A protein-rich bowl with grilled chicken, romaine, creamy dressing, and crunchy toppings for a satisfying meal.
# What You'll Need:
→ Chicken
01 - 2 large boneless, skinless chicken breasts (approximately 1.1 lbs)
02 - 1 tablespoon olive oil
03 - 1 teaspoon garlic powder
04 - 1 teaspoon dried Italian herbs
05 - ½ teaspoon salt
06 - ¼ teaspoon black pepper
→ Salad Base
07 - 2 large heads romaine lettuce, chopped
08 - 1 cup cherry tomatoes, halved
09 - 1 small cucumber, diced
10 - ½ red onion, thinly sliced
11 - ½ cup shaved Parmesan cheese
→ Toppings
12 - ½ cup roasted chickpeas or gluten-free croutons (optional)
13 - ¼ cup toasted pine nuts (optional)
14 - Freshly ground black pepper, to taste
→ Caesar Dressing
15 - ⅓ cup mayonnaise
16 - 2 tablespoons fresh lemon juice
17 - 2 teaspoons Dijon mustard
18 - 2 teaspoons Worcestershire sauce
19 - 2 anchovy fillets, mashed (or 1 teaspoon anchovy paste)
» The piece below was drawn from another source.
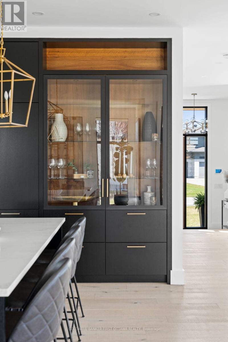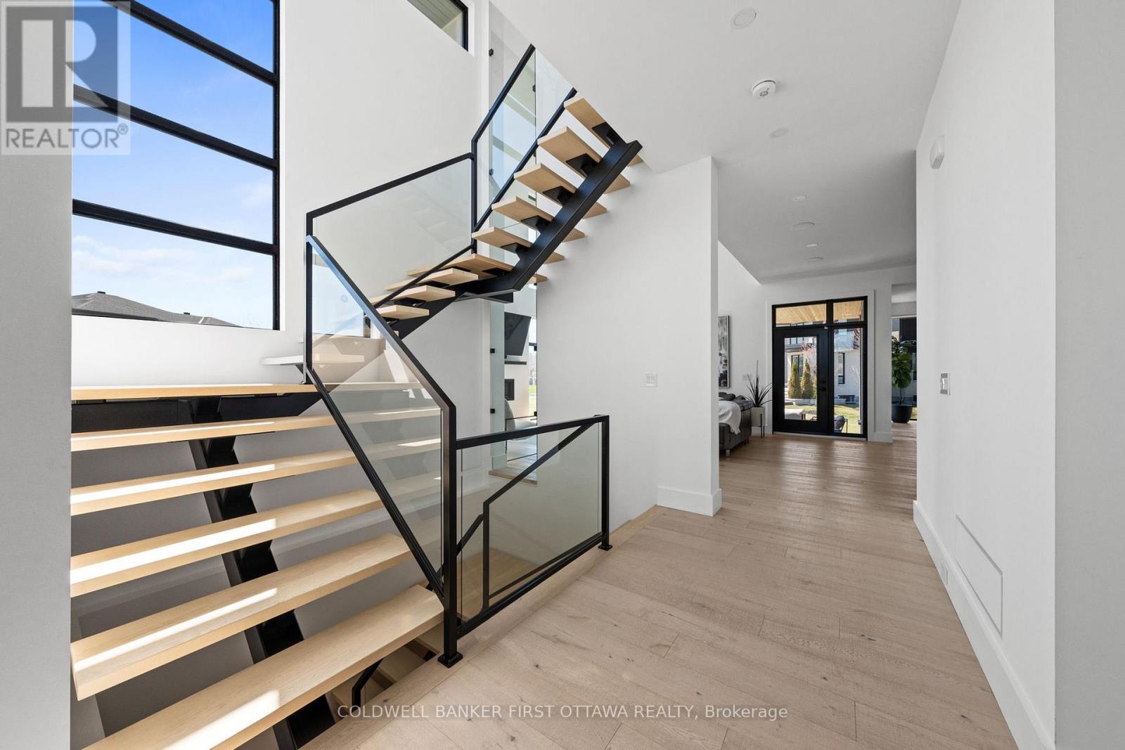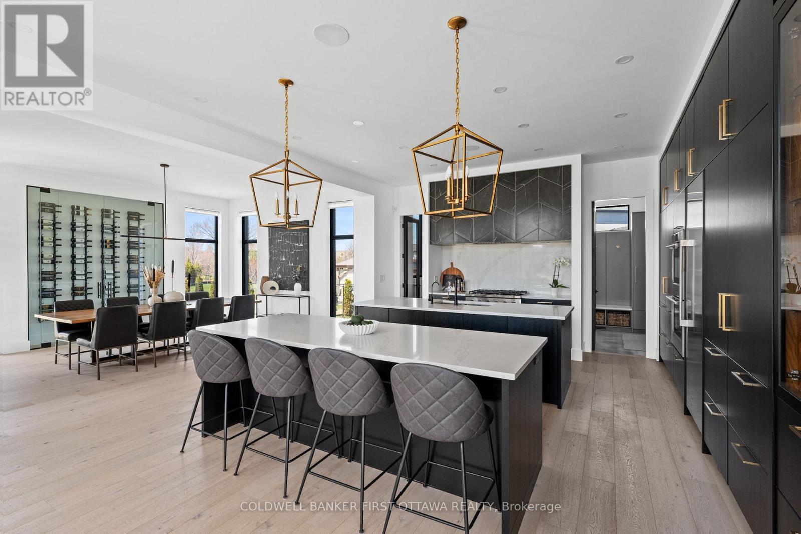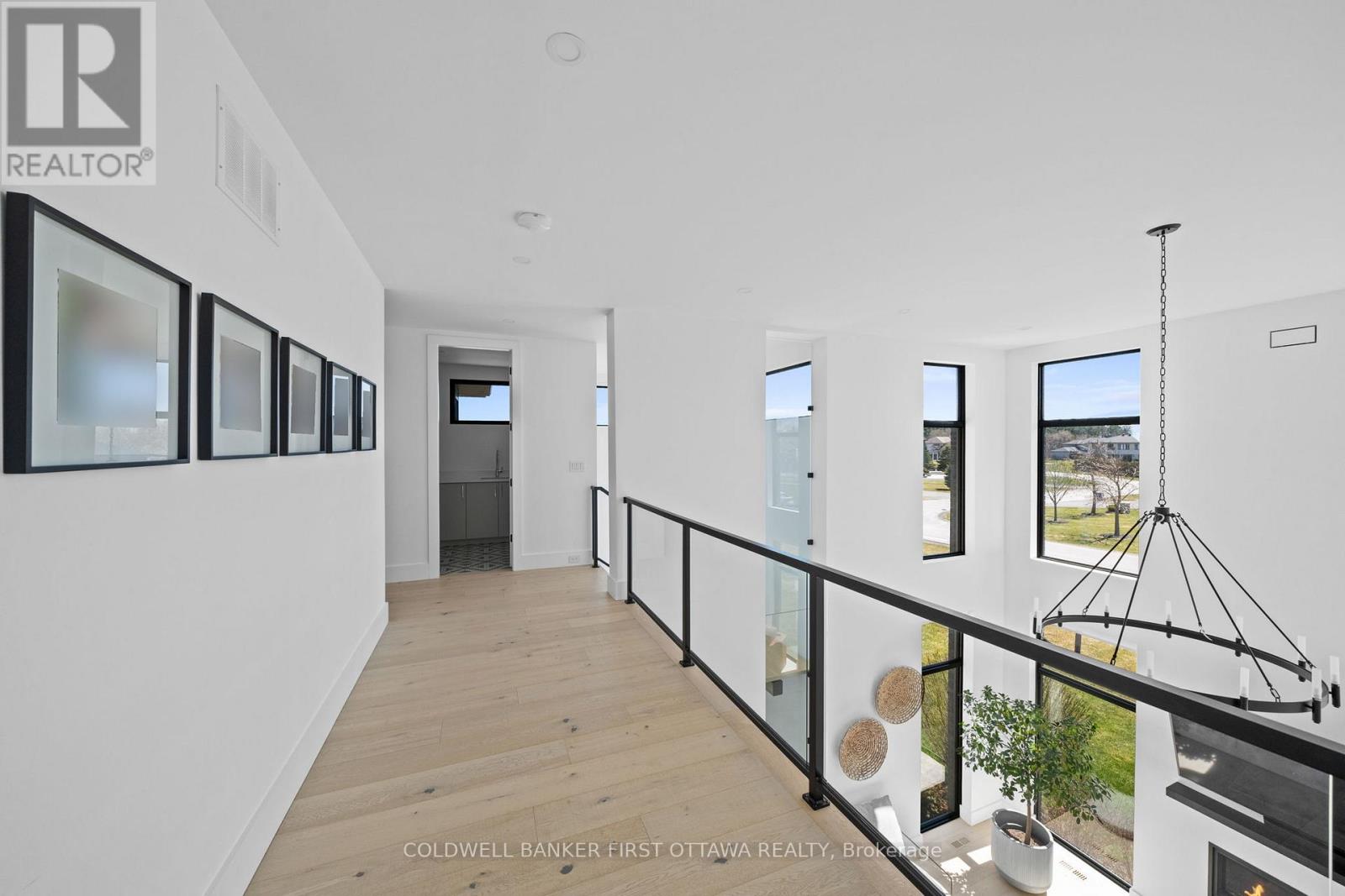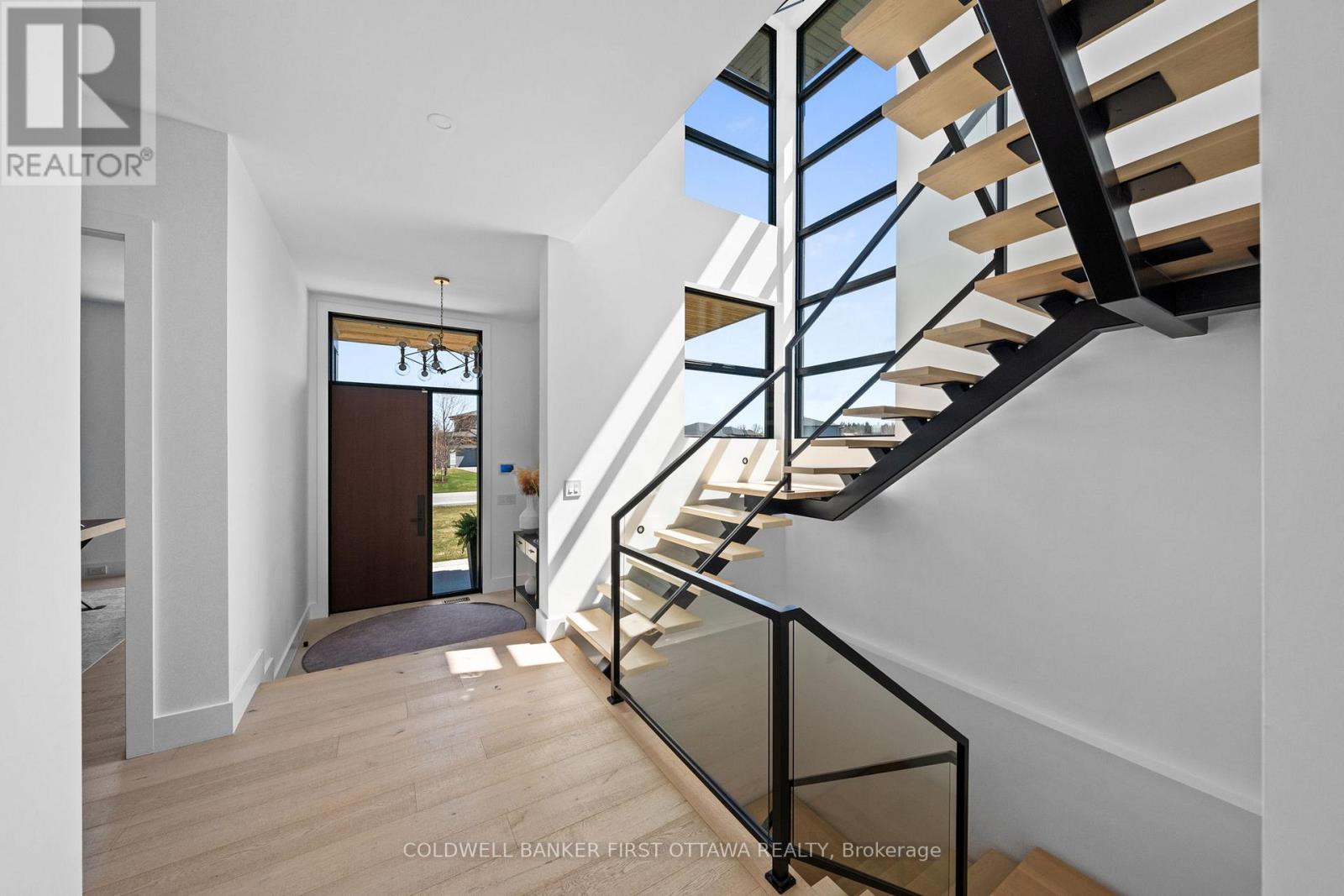 Welcome to 'The Monarch' on McManus, a custom-built residence curated by award-winning O'Keefe-Fiorenza Design Group & completed in 2021 by Relm Construction. Offers 5,600+ sq.ft. of living space w/ premium craftsmanship & attention to detail t/o. Step into a grand foyer & the sun-filled main lvl feat. 10 ft ceilings, wide-plank white oak hardwood & a striking open-concept layout anchored by the 20ft vaulted great room w/ gas fireplace, floating mantle & statement chandelier. The chef & entertaining-inspired kitchen is impressive, showcasing dual oversized islands (one is a true serving island seating for SIX) w/ quartz counters, custom cabinetry, high-end Fisher & Paykel appliances incl. a 6-burner gas range, double wall ovens & integrated fridge, along w/ a serving pantry, wine display & dining area w/ expansive windows. A private front office (or add'l bedroom) w/ floor-to-ceiling windows, a designer 3pc bath, WIC front closet, fully outfitted mudroom w/ custom storage & inside access to the oversized 3 car garage w/ 14ft ceilings. On the 2nd lvl, 9ft ceilings continue alongside a glass-railed private hallway overlooking the great room. The primary suite offers a private & luxe retreat w/ floor-to-ceiling windows, massive custom WIC w/ built-in shelving & drawers, & a luxurious 6pc ensuite feat. a standalone soaker tub, dual rain shower, floating vanity & radiant in-floor heating. Add'l bedrooms are ample in size, incl. a Cheater Ensuite & a separate Bed w/ Ensuite/Guest Suite, while a dedicated laundry suite & linen closet adds convenience. The finished LL expands the living space w/ a rec room feat. fireplace, home health & wellness rm, add'l bed, spa 3pc bath & inside access to garage. Exterior highlights incl. a striking stone/brick/stucco façade & extended driveway. This is a rare opportunity to own a thoughtfully & beautifully designed, turnkey home in a highly sought-after community of Manotick Estates. Love where you live with 'The Monarch'! (id:44758)

20 - 1 garlic clove, finely minced
21 - ¼ cup grated Parmesan cheese
22 - Salt and pepper, to taste
23 - 2 tablespoons water (to thin dressing as needed)
# How to Make It:
01 - Heat grill or grill pan to medium-high temperature.
02 - Coat chicken breasts with olive oil, garlic powder, dried Italian herbs, salt, and black pepper.
03 - Cook chicken for 6 to 7 minutes per side until fully cooked and juices run clear. Allow to rest for 5 minutes before slicing thinly.
04 - Whisk together all dressing ingredients in a bowl until smooth, adding water to achieve desired consistency.
05 - In a large bowl, combine chopped romaine, cherry tomatoes, cucumber, and red onion. Toss with half of the dressing.
06 - Divide salad mixture evenly into four serving bowls. Top each with sliced chicken, shaved Parmesan, roasted chickpeas or gluten-free croutons, and pine nuts if using.
07 - Drizzle the remaining dressing over each bowl and garnish with freshly ground black pepper. Serve immediately.